* **What you have to do**
Reproduce without any pictures the lines from the one that contains "You can then" through the end of the records, exactly as written.

(Dataset records)
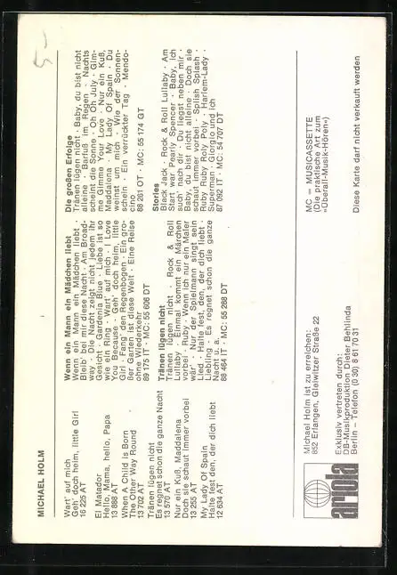 AK Michael Holm, Portrait des Musikers mit Autograph
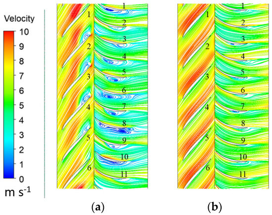 To further analyze the flow state in different flow channels under valley and peak conditions, the streamline distribution at a height of 0.5 in the impeller and guide vane basin was extracted (as shown in Figure 14). It can be seen from Figure 14a that there are large-scale backflow vortices and flow separation in the impeller and diffuser under the valley condition. The flow distribution in the impeller mainly appears at the trailing edge of the suction surface, the scale of the vortex structure in the six flow channels is not evenly distributed, and the vortex structure in each flow channel is quite different. Similarly, the scale of the vortex structure in the 11 flow channels in the diffuser is not evenly distributed, and the vortex structure in each flow channel is quite different. The vortex structure scale on the back of the sixth, eighth and tenth blades of the diffuser is more obvious. The vortex structure on the back of the eighth blade is particularly special, and there are three groups of vortices, which disturb each other. The vortex in the diffuser channel, especially the vortex at the inlet of the diffuser, also has an obvious influence on the flow in the impeller. From Figure 14b, it can be seen that under the peak condition, the streamlines of the impeller and the diffuser at the spanwise of 0.5 are smooth and uniform, and the flow is regular. Only a small backflow vortex appears on the back of the diffuser.
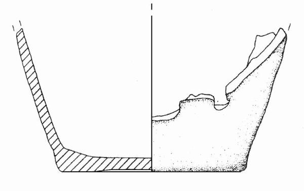 Base leggermente concava; parete rettilienea. Colore: bruno chiaro.\nResti combusti sulla parete interna.
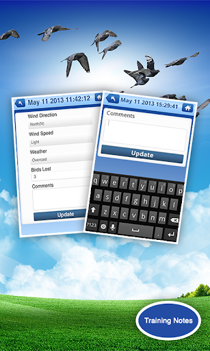 You can then enter the training notes (can be done any time once you have started a new training session). When you select training notes you have various drop-down menus where you can enter the following information - WIND DIRECTION (North, North West, North East, South, South West, South East, West, East). WIND SPEED (Light, Medium, Strong). WEATHER (Overcast, Fine, Raining, Fog, Storm). BIRDS LOST (Manually input number) and COMMENTS (Manually input any comments you want recorded). Once you have done that the notes are saved and you can review them at anytime.
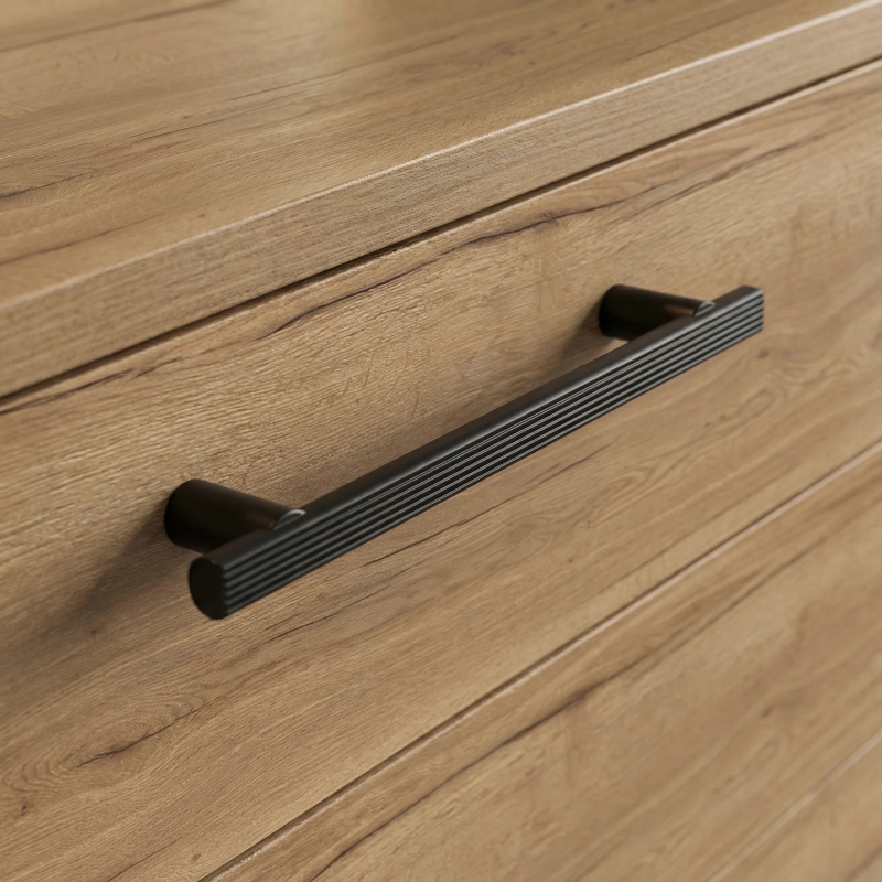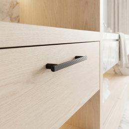 Modern LIZA bútorgomb elegáns fekete matt kivitelben ideális kiegészítő konyhabútorokhoz, szekrényekhez, komódokhoz vagy gardróbokhoz. A minimalista dizájn finom barázdákkal az elülső részen modern megjelenést kölcsönöz a fogantyúnak, miközben kényelmes és biztos fogást biztosít.

* **Response to this exercise**
 You can then enter the training notes (can be done any time once you have started a new training session). When you select training notes you have various drop-down menus where you can enter the following information - WIND DIRECTION (North, North West, North East, South, South West, South East, West, East). WIND SPEED (Light, Medium, Strong). WEATHER (Overcast, Fine, Raining, Fog, Storm). BIRDS LOST (Manually input number) and COMMENTS (Manually input any comments you want recorded). Once you have done that the notes are saved and you can review them at anytime.
 Modern LIZA bútorgomb elegáns fekete matt kivitelben ideális kiegészítő konyhabútorokhoz, szekrényekhez, komódokhoz vagy gardróbokhoz. A minimalista dizájn finom barázdákkal az elülső részen modern megjelenést kölcsönöz a fogantyúnak, miközben kényelmes és biztos fogást biztosít.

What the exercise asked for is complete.